Your instructions => Only one stretch of the material below is wanted: everything from the line containing "A collection of" down to the line containing "De collega’s van", both ends included. Repeat it exactly and skip the pictures.

------ Given records

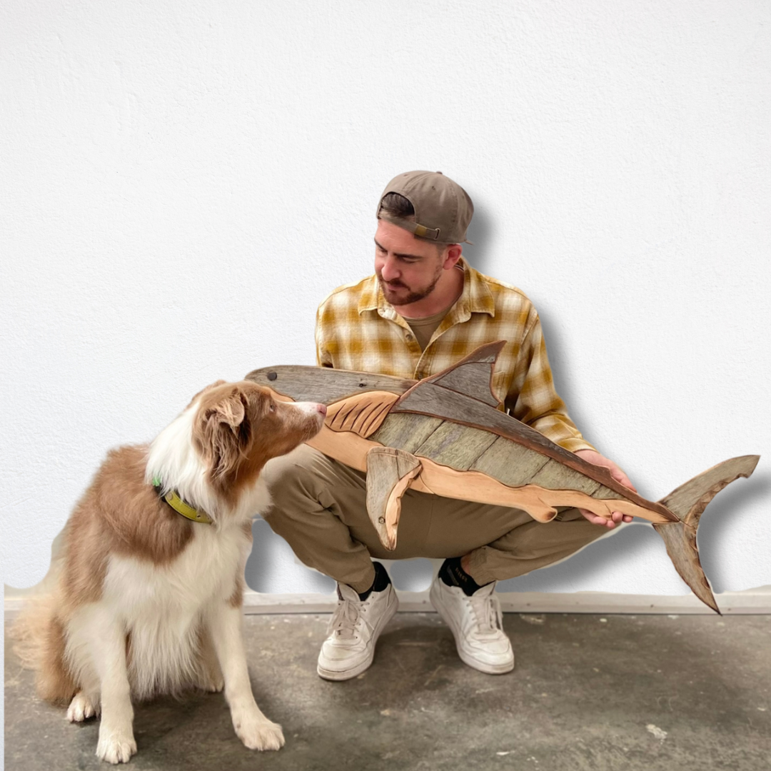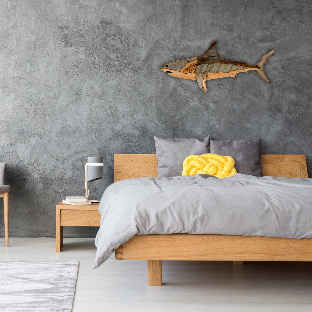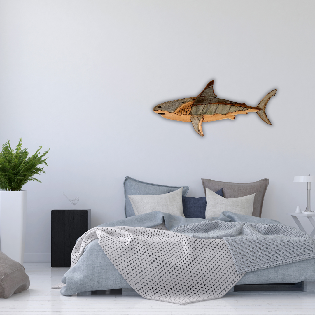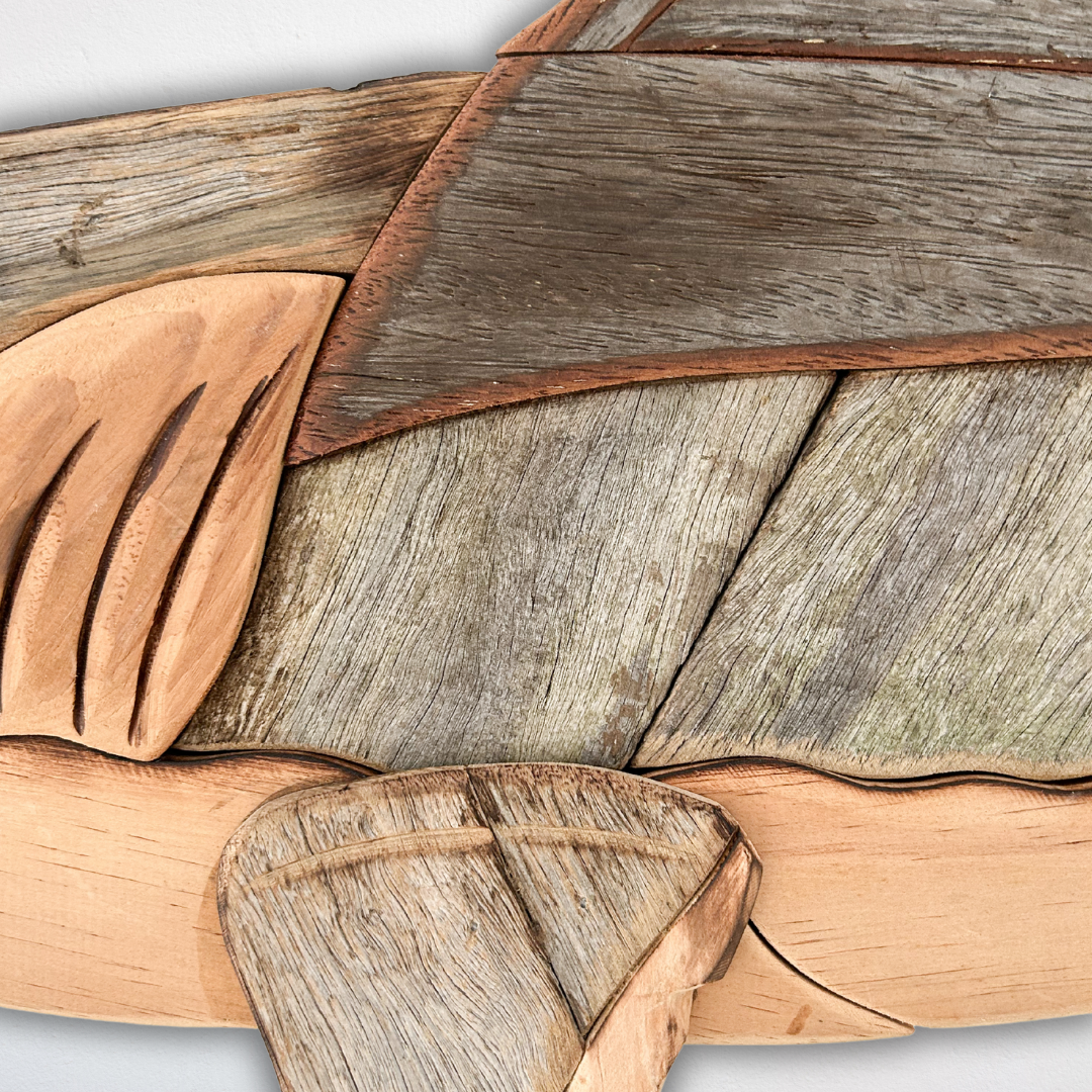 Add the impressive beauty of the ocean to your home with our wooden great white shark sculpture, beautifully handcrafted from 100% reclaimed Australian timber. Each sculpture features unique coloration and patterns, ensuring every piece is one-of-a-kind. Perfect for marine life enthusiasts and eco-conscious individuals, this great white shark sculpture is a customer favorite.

------------
------ Given records

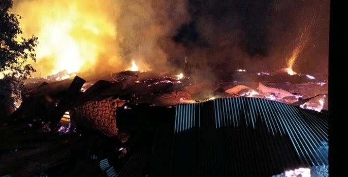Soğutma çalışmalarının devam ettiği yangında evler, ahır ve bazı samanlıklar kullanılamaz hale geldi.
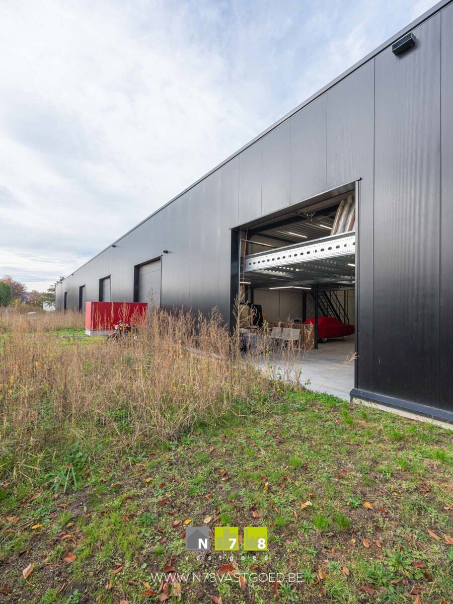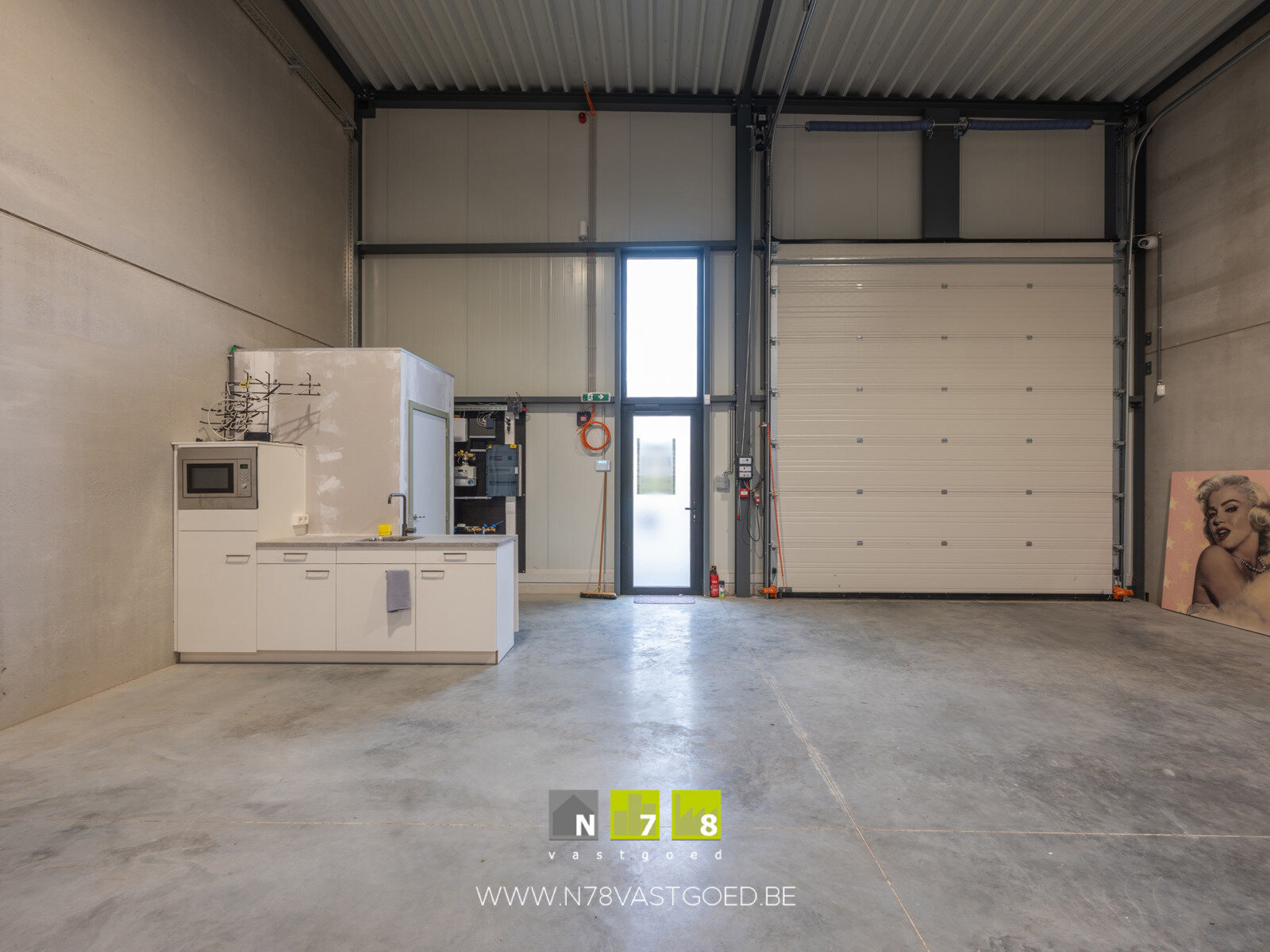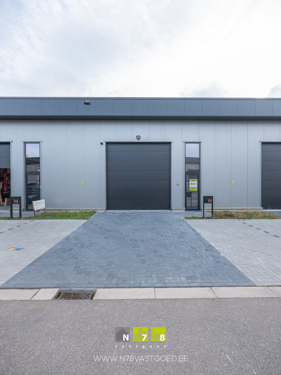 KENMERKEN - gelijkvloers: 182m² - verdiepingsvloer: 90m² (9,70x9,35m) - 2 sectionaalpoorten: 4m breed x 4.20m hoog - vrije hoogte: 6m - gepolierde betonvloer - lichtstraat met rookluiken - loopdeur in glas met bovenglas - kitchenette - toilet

------------
------ Given records

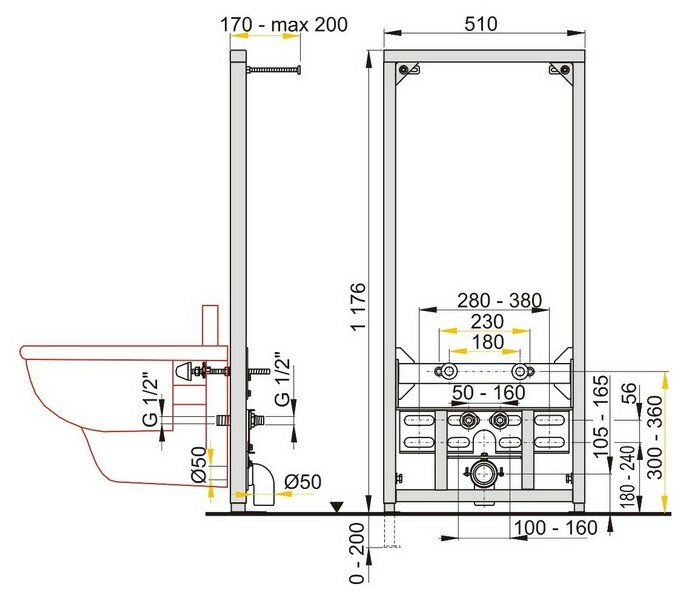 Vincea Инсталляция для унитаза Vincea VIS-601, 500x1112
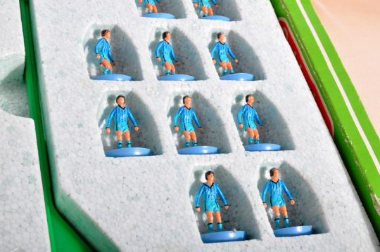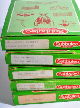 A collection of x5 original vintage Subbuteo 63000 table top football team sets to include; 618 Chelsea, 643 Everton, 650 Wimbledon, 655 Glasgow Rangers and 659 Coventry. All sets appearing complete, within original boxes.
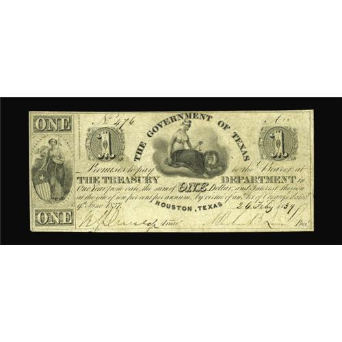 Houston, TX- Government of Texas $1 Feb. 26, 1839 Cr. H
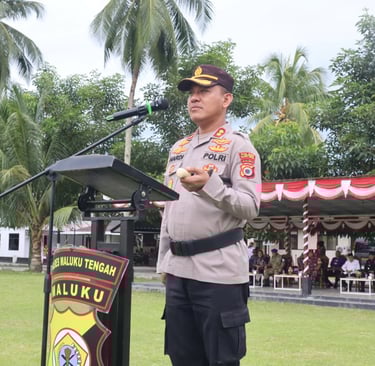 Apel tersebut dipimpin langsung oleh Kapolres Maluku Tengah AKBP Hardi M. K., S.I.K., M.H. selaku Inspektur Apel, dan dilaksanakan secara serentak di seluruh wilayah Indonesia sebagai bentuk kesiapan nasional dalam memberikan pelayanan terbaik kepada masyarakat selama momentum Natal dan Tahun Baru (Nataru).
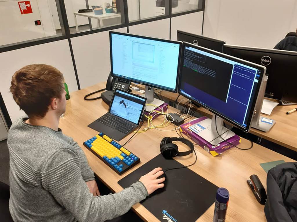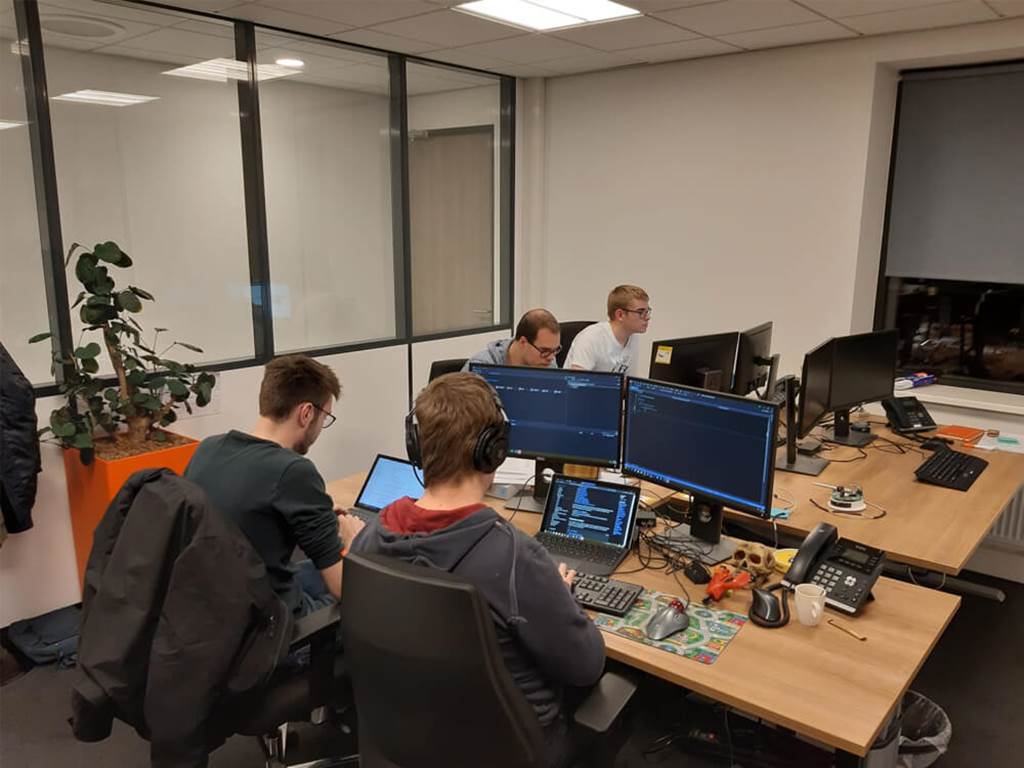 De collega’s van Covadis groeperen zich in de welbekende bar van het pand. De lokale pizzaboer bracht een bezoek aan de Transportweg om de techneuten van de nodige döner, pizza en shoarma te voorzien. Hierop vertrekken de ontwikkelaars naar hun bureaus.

------------

Response box =>
 A collection of x5 original vintage Subbuteo 63000 table top football team sets to include; 618 Chelsea, 643 Everton, 650 Wimbledon, 655 Glasgow Rangers and 659 Coventry. All sets appearing complete, within original boxes.
 Houston, TX- Government of Texas $1 Feb. 26, 1839 Cr. H
 Apel tersebut dipimpin langsung oleh Kapolres Maluku Tengah AKBP Hardi M. K., S.I.K., M.H. selaku Inspektur Apel, dan dilaksanakan secara serentak di seluruh wilayah Indonesia sebagai bentuk kesiapan nasional dalam memberikan pelayanan terbaik kepada masyarakat selama momentum Natal dan Tahun Baru (Nataru).
 De collega’s van Covadis groeperen zich in de welbekende bar van het pand. De lokale pizzaboer bracht een bezoek aan de Transportweg om de techneuten van de nodige döner, pizza en shoarma te voorzien. Hierop vertrekken de ontwikkelaars naar hun bureaus.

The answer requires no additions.